La chair exposée n’est pas transgression mais scandale. En d’autres mots, l’ exposition s’oppose franchement aux normes de propriété et les nie, mais son effet ne dépend pas de cette opposition, n’est pas étayée par elle. La violation de la norme n’est pas première par rapport à l’exposition ; la négation est secondaire, un constat, un accident. Elle retourne l’ exposition à la norme - c’est cela sa grande offense. L’exposition opère dans l’ignorance de la norme, et mène donc, de la seule manière possible, à sa totale destruction. Le corps du Christ atteste le scandale, le scandale de la croix.

3. La crucifixion

Dans l’acte d’incarnation le Christ prend la forme d’un esclave et renonce à toute séparation divine non dans une démonstration de refus ascétique mais plutôt dans une recherche de continuité avec la vie et la communauté. Cet être en commun est une échappée de la prison. Sacrifier un objet donné est une option de joie. L’exposition par la prise de la forme d’un esclave, forme que nous partageons tous, charrie cependant avec elle toujours et nécessairement la possibilité des plus horribles tourments, jusqu’au point de la torture sur la croix.

L’effet de la torture est toujours la séparation et la discontinuité même dans les situations d’extrême proximité et intimité. Souvent nous ne pouvons même pas reconnaître nos tortionnaires comme humains ; ils sont irrémédiablement autres pour nous ( Nous avons tendance à les penser comme des chiens ou des bêtes, alors qu’en réalité ces animaux ne se séparent jamais eux-mêmes de la sorte). Et en même temps la torture rend impossible de reconnaître la continuité de nos propres vies. Ce n’est pas moi qu’il encule, ce n’est pas moi qu’ils brûlent au fer rouge - ils peuvent seulement toucher mon corps. La torture nous force hors de la chair, elle nous force à nous séparer de nos corps, à nous faire nous-mêmes autres. L’expérience de la torture est une forme d’exil, aux niveaux les plus intimes de l’être - un exil hors du vivant. La torture rend impossible l’exposition de la chair, même quand paradoxalement nos tortionnaires essaient de nous mettre à nu.

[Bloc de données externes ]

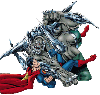 Superman fights the Hybrid creature created by a Lex Luthor virus, bidding to dismantle it into its constituent parts – ordinary citizens of Metropolis – and he’s doing well until the bigger threat of Doomsday comes along.

Le miracle du Christ est de reprendre la chair aux soldats de l’empire qui l ’ont cloué sur la croix. Même dans son tourment le Christ vit la chair dans toute son intensité. La critique de la torture ne devrait pas demander que nous vivions à l’abri de toute violence et de toute souffrance - ce serait une vie sans intensité, toujours séparée d’avance de la violence de l’ expérience. Nous devrions plutôt refuser la séparation de la chair que la torture entraîne : vivre la violence de l’expérience dans la chair, faire de notre souffrance un mode d’intensité et de joie. C’est le miracle que Pasolini voit dans la crucifixion. La souffrance de la crucifixion ne retombe pas dans le langage privé d’une individualité isolée, mais ouvre plutôt à un langage commun. C’est dans la mesure où la souffrance et la violence créent ce langage commun et cette expérience partagée de la chair qu’elles peuvent précisément être érotiques, car l’érotisation n’est rien d’ autre qu’une expérience partagée intensément, cette charge électrique commune courant à travers notre chair.

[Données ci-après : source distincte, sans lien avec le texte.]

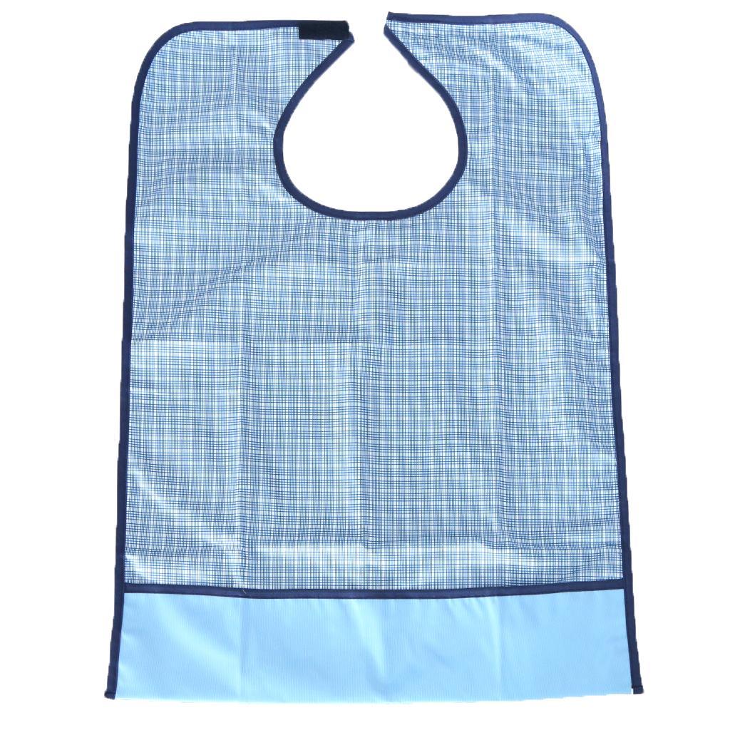 Maxbell Waterproof Bib Adult Mealtime Cloth Protector Disability Aid Apron Blue Grid

Considérez par exemple comment des auteurs tels que le Marquis de Sade et Leopold von Sacher-Masoch construisent une sorte de violence rituelle à travers diverses institutions et contrats et s’efforcent d’inventer des langages communs de la chair. Leurs mises en scènes rituelles et imaginaires d’un bourreau et d’une victime cherchent à dépasser ou à vaincre la séparation qui caractérise notre torture quotidienne. Cette violence pointe donc en direction d’une continuité érotique, d’une affirmation de la vie. La notion d’exposition chez Pasolini partage ce projet de découvrir un antidote à la torture et la séparation, mais elle ne crée pas un plan imaginaire ou un théâtre de la représentation. La représentation implique encore trop de séparation. L’exposition, alors, ne recrée pas la scène de torture mais cherche plutôt à dissoudre ses frontières et ses effets de discontinuité. La violence de la chair exposée ne se sépare pas en rôles actifs et passifs, mais tend à l’unité en une affirmation érotique. A travers l’exposition la violence redevient notre comme langage commun, un pouvoir vital de création, une force de vie.

4. La chair

L’abandon à la chair est une forme de liberté. Exposées les passions de la chair sont délivrées de toutes les structures normatives ou les fonctions organiques. C’est l’appel continuel de Pasolini en faveur de l’utopie de la jeunesse : « Allora la carne era senza freni » ( Alors la chair est sans frein) ( « La religione del mio tempo »492). Devenir chair est une forme d’ oubli - l’oubli du moi, de la propriété, de la discontinuité. L’impure sensualité, ou plutôt l’exposition divine de la chair met en ouvre sa propre logique de passions. Cet abandon est la joie que Pasolini voit dans l’ exemple du Christ.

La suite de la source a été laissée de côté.